Exercise
Set down the lines below, exactly, starting at the one that contains "Если экспериментально получена" and stopping at the last line, inclusive. Omit pictures.

Data section
━━━
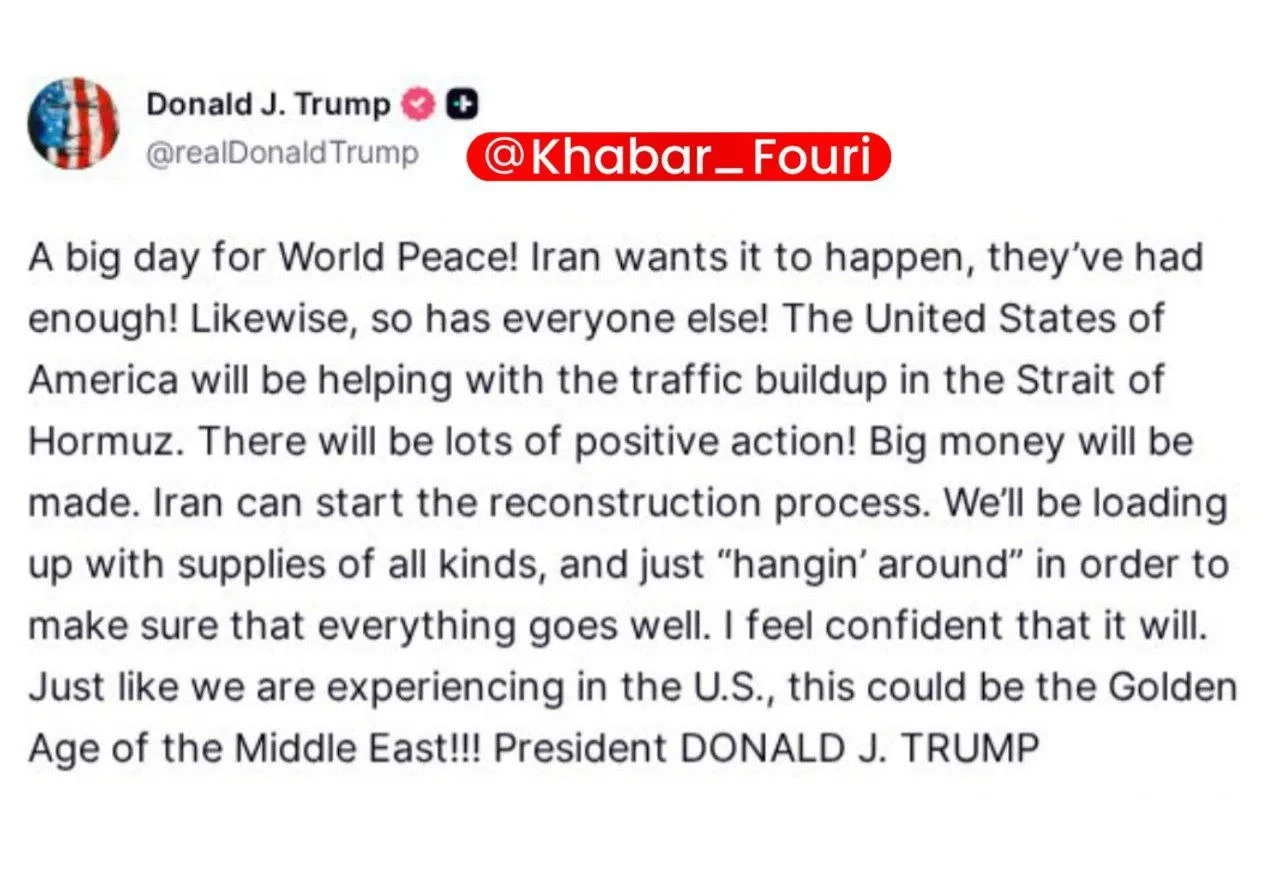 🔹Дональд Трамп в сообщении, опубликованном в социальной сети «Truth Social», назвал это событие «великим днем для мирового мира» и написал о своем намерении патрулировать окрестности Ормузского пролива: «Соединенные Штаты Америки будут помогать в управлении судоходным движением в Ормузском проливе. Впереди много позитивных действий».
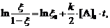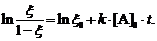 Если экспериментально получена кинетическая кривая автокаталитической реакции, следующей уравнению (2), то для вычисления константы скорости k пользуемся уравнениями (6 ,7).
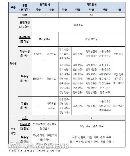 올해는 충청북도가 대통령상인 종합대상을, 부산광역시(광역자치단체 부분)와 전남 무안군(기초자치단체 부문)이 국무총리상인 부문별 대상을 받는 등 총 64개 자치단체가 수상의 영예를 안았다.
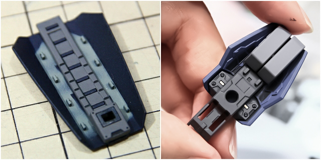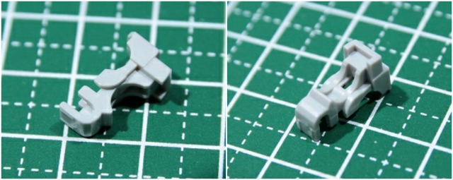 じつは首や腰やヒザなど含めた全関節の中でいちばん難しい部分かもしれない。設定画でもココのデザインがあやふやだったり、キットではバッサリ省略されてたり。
━━━
Solution to this exercise
 Если экспериментально получена кинетическая кривая автокаталитической реакции, следующей уравнению (2), то для вычисления константы скорости k пользуемся уравнениями (6 ,7).
 올해는 충청북도가 대통령상인 종합대상을, 부산광역시(광역자치단체 부분)와 전남 무안군(기초자치단체 부문)이 국무총리상인 부문별 대상을 받는 등 총 64개 자치단체가 수상의 영예를 안았다.
 じつは首や腰やヒザなど含めた全関節の中でいちばん難しい部分かもしれない。設定画でもココのデザインがあやふやだったり、キットではバッサリ省略されてたり。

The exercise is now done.